Il y a deux grands groupes de personnes impliquées : « […] d’une part des pèlerins, qui vont vers Compostelle avec des motifs religieux et, d’autre part, les marcheurs, pour lesquels c’est ce qui se passe sur le chemin qui est central et qui font donc un camino sans référent religieux. […] deux extrêmes d’un continuum complexe » (p. 116).
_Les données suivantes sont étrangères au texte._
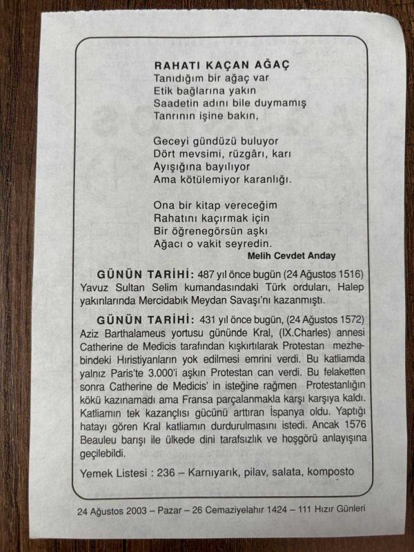 24 AĞUSTOS 2003 - TAKVİM YAPRAĞI - DOĞUM GÜNÜ HEDİYESİ - BÜYÜK SAATLİ MAARİF TAKVİMİ - MEHMET CEVDET ANDAY - PARİS PROTESTAN KATLİAMI - YAVUZ SULTAN SELİM MERCİDABIK ZAFERİ, en son 8 ay önce güncellenmiştir.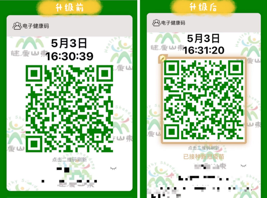近日,山东、上海的健康码“金色皮肤”已经陆续安排上了,绿码周边“镀”上金色边框,左上角还有“针剂”和“盾牌”加持,表示持有人已受新冠疫苗保护。只要接种疫苗就能免费“解锁”新皮肤,引发网友追捧。
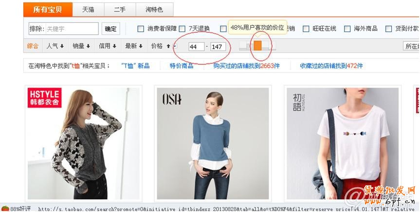 通過熱詞:t恤,根據第一順位48%用戶喜歡的價位(44-147元),這個價格就是促銷價,不是市場價格,搜索到有12862417件寶貝,按照7天展示1次。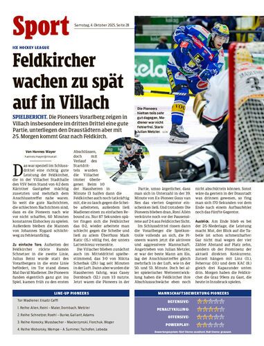 Spielbericht. Die Pioneers Vorarlberg zeigen in Villach insbesondere im dritten Drittel eine gute Partie, unterliegen den Draustädtern aber mit 2:5. Morgen kommt Graz nach Feldkirch.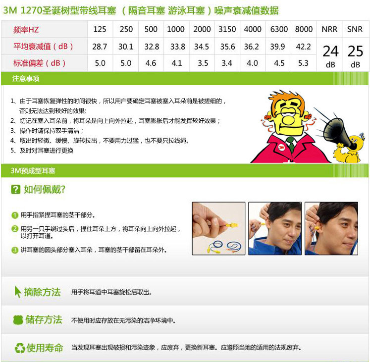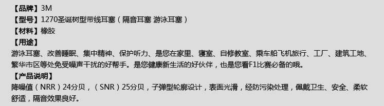 3M 1270圣诞树型带线500个/箱 耳塞 防噪音耳塞 硅胶耳塞(含税)
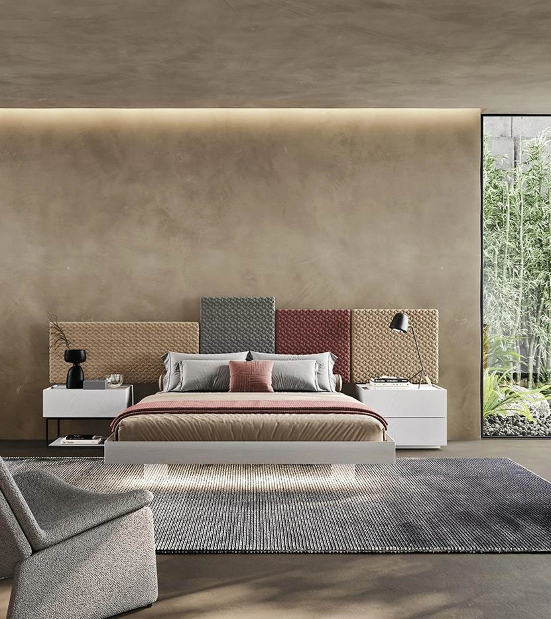 Vuoi ridefinire la zona notte? Ti presentiamo il letto in tessuto Tetris di Mobilgam per spazi moderni.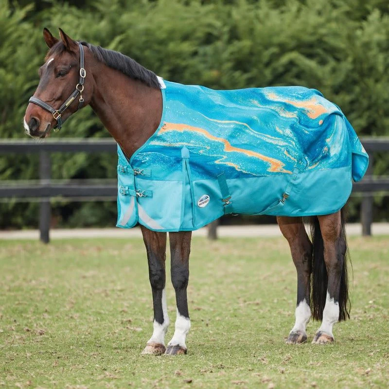 This medium-weight turnout is easily identified with the Weatherbeeta temperature gauge badge. An extra-large tail flap keeps cold and wind out. Compatible with the new WeatherBeeta liner system for added protection. The reflective strips on each side of the blanket and the tail flap offer extra visibility. Hydrostatic pressure tested to 2000mm plus. Moisture vapor tested to 3000g/m2 plus.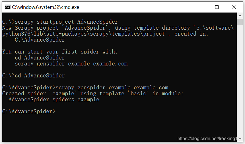 创建 scrapy 工程:scrapy startproject <工程名>

Les raisons d’un pèlerinage foisonnent, mais l’auteur en discerne deux principales : on veut se donner un temps de réflexion, ou encore on donne à son pèlerinage un sens religieux traditionnel. Ce dernier point a beaucoup surpris O’Neill, vu « la distance radicale prise au Québec avec le catholicisme depuis la fin des années 1960 » (p. 99). Des raisons à connotation spirituelle au sens large sont aussi présentes. Enfin s’ajoute à cela des raisons plus prosaïques, par exemple trouver l’âme soeur, suivre la mode ou les amis, faire du tourisme.
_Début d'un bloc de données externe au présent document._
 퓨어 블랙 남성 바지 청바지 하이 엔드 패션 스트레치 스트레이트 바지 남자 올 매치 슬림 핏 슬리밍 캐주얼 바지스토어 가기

L’auteur distingue ensuite trois types de pèlerinages, les « itinéraires à pied inspirés du chemin de Saint-Jacques-de-Compostelle », et deux autres grandes catégories, « la marche de plein air et la marche sportive. […] les deux principaux ordres de raisons pour lesquels on marche au Québec : le contact avec la nature et la santé » (p. 17). Selon O’Neill, la majorité des pèlerinages depuis 1990 ont un caractère physique plutôt que spirituel, même si l’on affirme par ailleurs que la majorité des randonnées organisées ont une orientation religieuse (p. 141) ou spirituelle (p. 142) dans une « spiritualité laïque universelle plutôt qu’encadrée par une religion particulière » (p. 143). « En effet, l’Église institutionnelle a toujours regardé avec prudence, sinon suspicion, ces mouvements massifs de foules se précipitant vers des lieux remplis de merveilleux où apparitions, miracles et autres phénomènes étranges se produiraient ; et souvent, comble de l’indignation, sur d’anciens sites païens » (p. 23).
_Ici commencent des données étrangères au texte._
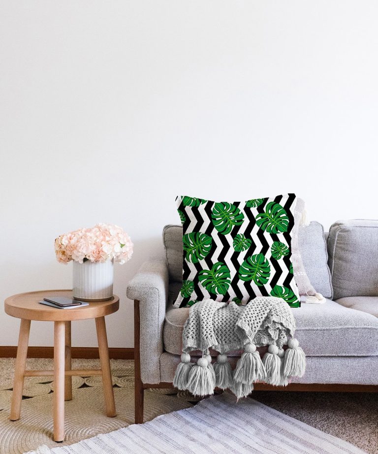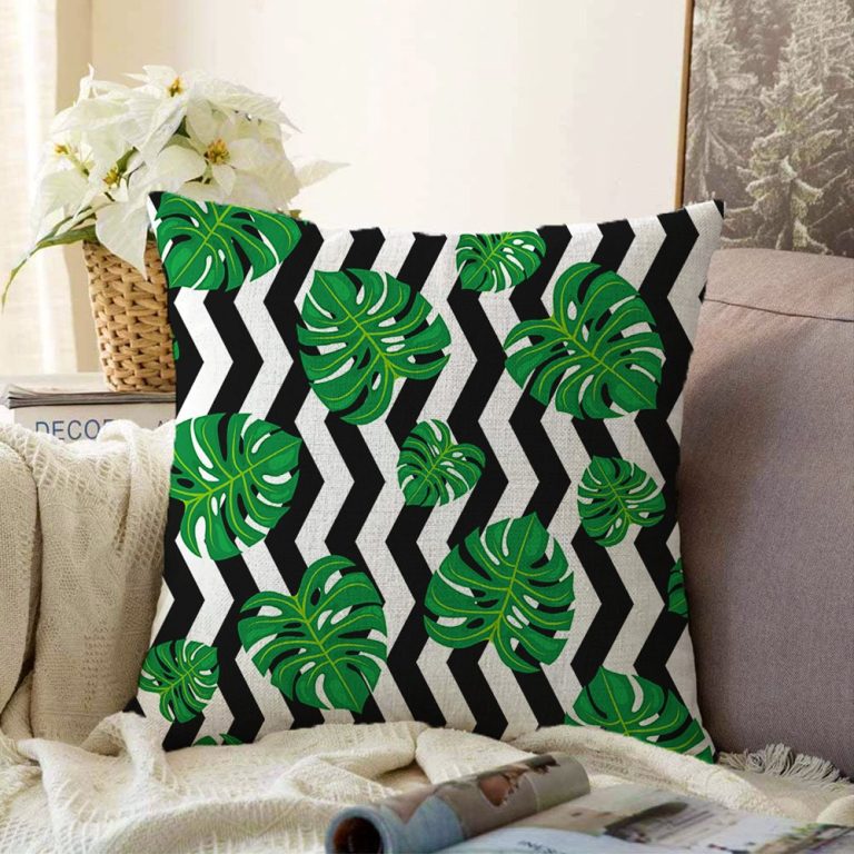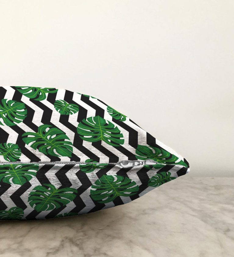 Zigzag Zebra Temalı Yaprak Çizimli Dijital Baskılı Raşel Yastık Kırlent Kılıfı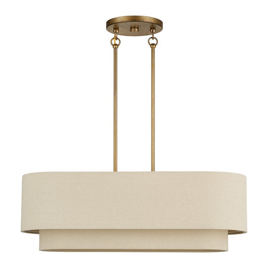 Livex Weavington 4Lt Large Linear Chandelier, Gold/Rustic Walnut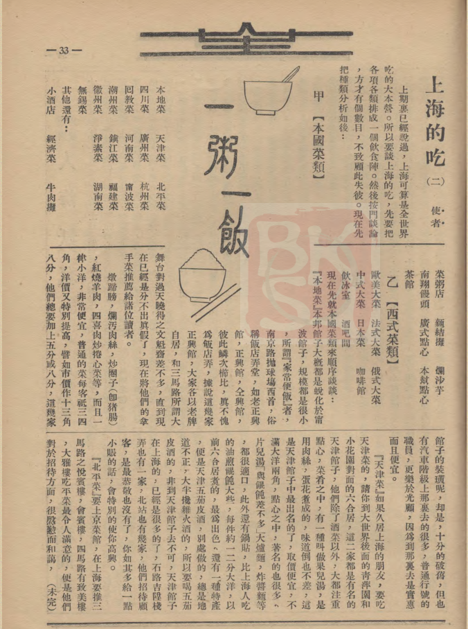 使者《上海的吃》, 《人生旬刊》 1935年 第1卷 第4期

Les historiens ont toujours su que la marche pèlerine déborde la sphère strictement religieuse, mais O’Neill constate aussi que la marche pèlerine québécoise « est en croissance » et que le participant type est « une femme dans la soixantaine provenant du Québec, habitant souvent la région d’où part le parcours » (p. 87-88).
Au cours de ses analyses, l’auteur se situe plus ou moins explicitement à l’extérieur de la religion catholique ou de toute autre religion, tout en se disant à la recherche des « énergies positives de l’univers » (p. 102). Sa définition de la marche pèlerine comme stratégie de construction de sens dans les sociétés modernes semble logique, même s’il y a une certaine incohérence à déclarer d’une part que la marche pèlerine, que ce soit au Québec ou à Compostelle, est pour la majorité des marcheurs dénuée de référence religieuse, et d’autre part que la majorité de ces marcheurs et des trajets ont une orientation religieuse. Cela laisse penser que l’auteur s’est laissé séduire par le discours sécularisant et simpliste des élites au Québec, qui range la religion au placard malgré le fait que la réalité religieuse est bien présente et vivante au Québec. De ce point de vue, ce livre est un bon témoin de la situation ambiguë de la religion dans la vie populaire du Québec contemporain. Enfin, une analyse sociologique plus poussée de la marche pèlerine aurait été souhaitable, notamment une comparaison de la situation socio-économique des pèlerins religieux avec celle des marcheurs sans religion. On peut se demander en effet si la spiritualité ou la vie séculière sans l’encadrement d’une institution religieuse n’est pas l’affaire d’une élite.